Wie war dort die Exporteinstellung ?

Probier dochmal mit Mainconcept Mpeg Encoder 1.5 zu coden ? Der macht ne richtig gute Quali.
Musst abereinstellen, dass er bei Szenenwechseln ein neues GOP startet.

mfg chmee

ps: verd****e SCH**** space-taste, ich reiss sie jetzt raus..


----------



## goela (31. Dezember 2004)

Versuche doch mal das Ganze mit VBR 2Pass umzurechnen und gehe mit der Datenrate rauf auf 9000. VBR ist besser, da Du bei CBR (Konstante Bitrate) immer die eingestellte Bitrate verwendest -> Datei wird viel zu gross! Mit VBR (Variable Bitrate) braucht er nur soviel wie nötig! Also bei Action Szenen (Schwenks) kann er mehr brauchen und bei langsamen weniger!


----------



## Masterblaster (3. Januar 2005)

@chmee: Werde noch testen.

@goela:
Habe ich, 2pass VBR mit 7700 average, 7000 min +padding 9400 max. ,
es sieht nicht besser aus.

Habe bei einem Freund es mal mit seinem TMPEG Xpress 3.0 machen lassen, dass angeblich eine neue 2PassVBR Engine drin haben soll, es war auch nicht besser als meine gemachten Videos.
Ich habe auch zum Test mal ein paar Rauschfilter eingesetzt, ohne bemerkenswerten Erfolg.

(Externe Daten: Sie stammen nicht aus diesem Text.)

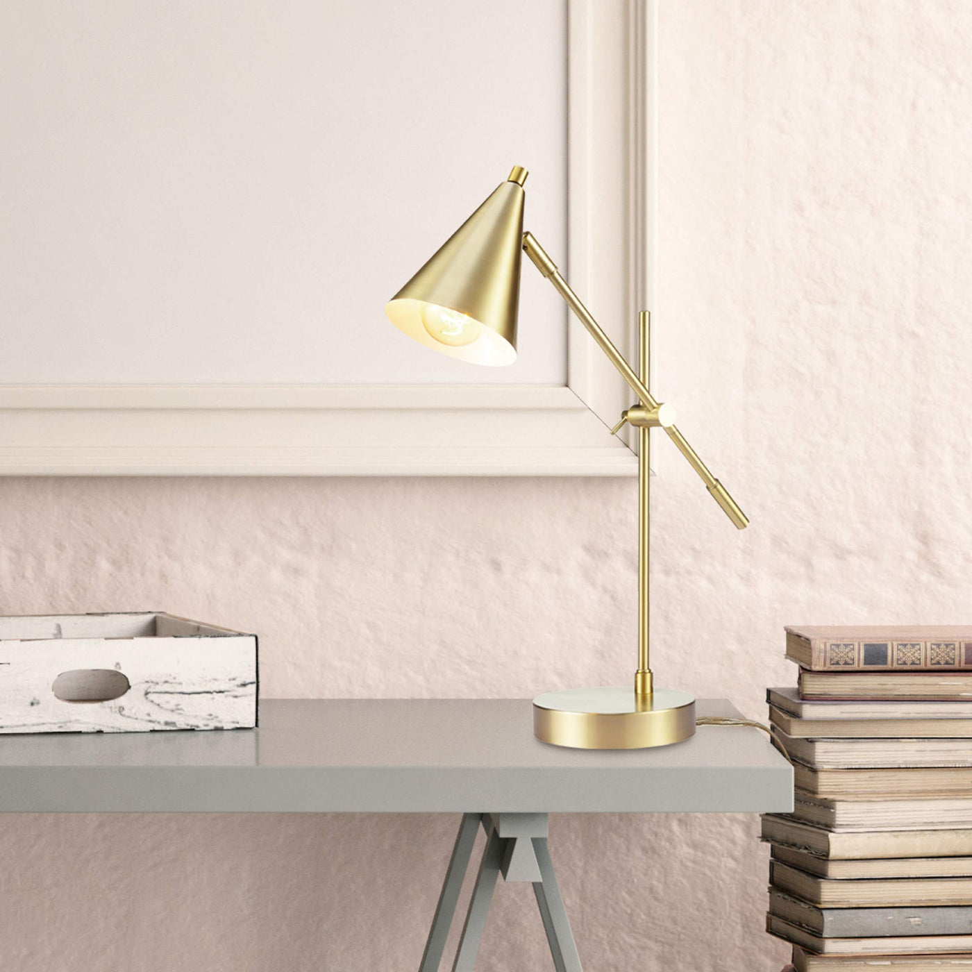 Illuminate your space with the Tacoma Desk Lamp from Novogratz x Globe Electric, a perfect blend of style and functionality. This modern lighting solution features a trendy cone-shaped shade and a chic matte brass finish, making it a stunning addition to any room. With its adjustable brass balance arm and tilting lamp head, you can easily direct light exactly where you need it, creating the ideal ambiance for work or relaxation. The sculptural design not only serves as a practical task light but also acts as a statement piece that enhances your interior decor.

Kann es sein dass ich permanen irgendeine Option übersehen habe.


----------



## goela (3. Januar 2005)

Keine Ahnung! Also ich habe bisher mein DV AVI immer in guter Qualität in MPEG gewandelt!


----------



## Masterblaster (3. Januar 2005)

@Goela, dann schicke mir doch bitte mal eines deiner TMPEG Profile *.mcf mit denen du gute Qualität erreicht hast.


----------



## Masterblaster (11. Januar 2005)

@Goela:
habe es damit gemacht, nur noch von NTSC auf Pal umgeswitched:
-> Qualität etwas schlechter als meine besten Ergebnisse mit TMPEG.

In einer Videozeitung Test gelesen, TMPEG nur ausreichend, gut war Mainconcept, sehr gut Canopus und Cinemacraft.

Habe mal mit Mainconcept getestet, sichtbar besser, keine nachziehenden Doppelkonturen wie bei TMPEG, weniger Blockbildung, weniger Unschärfe..

werde Ergebnisse noch posten...
mache weitere Tests...habe erst am WE mehr Zeit....

So LONG


----------



## meta_grafix (11. Januar 2005)

Hallo,

was Encoder-Tests betrifft sollte man ruhig mal ein Auge ins dieses  Forum werfen. Die Beiträge von mb sind sehr qualifiziert und hilfreich.

Servus


----------



## chmee (12. Januar 2005)

Masterblaster hat gesagt.:
			
		

> Habe mal mit Mainconcept getestet, sichtbar besser, keine nachziehenden Doppelkonturen wie bei TMPEG, weniger Blockbildung, weniger Unschärfe..



Diese Doppelkonturen sind eigentlich ein Zeichen für FPS-Umwandlungen....
Kann es sein ?


----------